Information supplied:
== Segment start ==

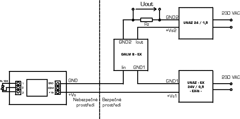 Převodník je určen pro převod signálu z odporových vysílačů teplotyPt 100 na normalizovaný proudový výstup 4 až 20 mA. Výstupní signál je lineární s teplotou.Převodník je určen pro umístění do prostředí s nebezpečín výbuchu, kde dostačuje ochrana krytím IP 44.
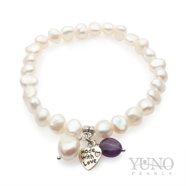 Brățară cu perle albe, 7-8mm, 19cm, Ametist,
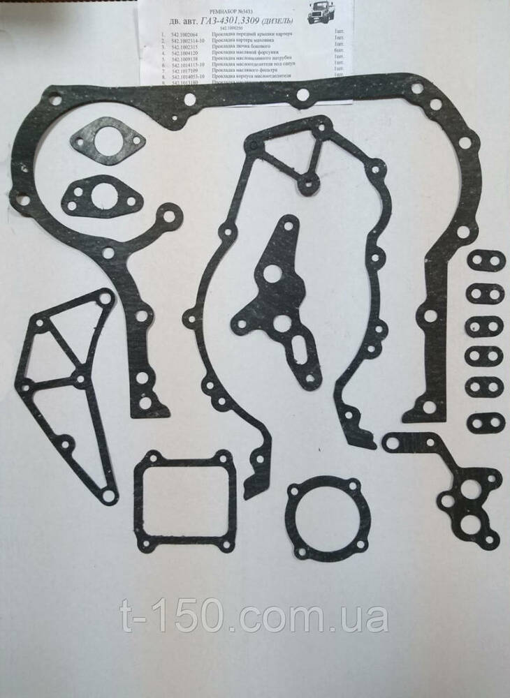1. Набор прокладок двиг. ГАЗ-4301/3309 дизель малый, паронит -1шт

== Segment end ==

Exercise:
Copy all the material word for word, minus its pictures.

Solution:
 Převodník je určen pro převod signálu z odporových vysílačů teplotyPt 100 na normalizovaný proudový výstup 4 až 20 mA. Výstupní signál je lineární s teplotou.Převodník je určen pro umístění do prostředí s nebezpečín výbuchu, kde dostačuje ochrana krytím IP 44.
 Brățară cu perle albe, 7-8mm, 19cm, Ametist,
1. Набор прокладок двиг. ГАЗ-4301/3309 дизель малый, паронит -1шт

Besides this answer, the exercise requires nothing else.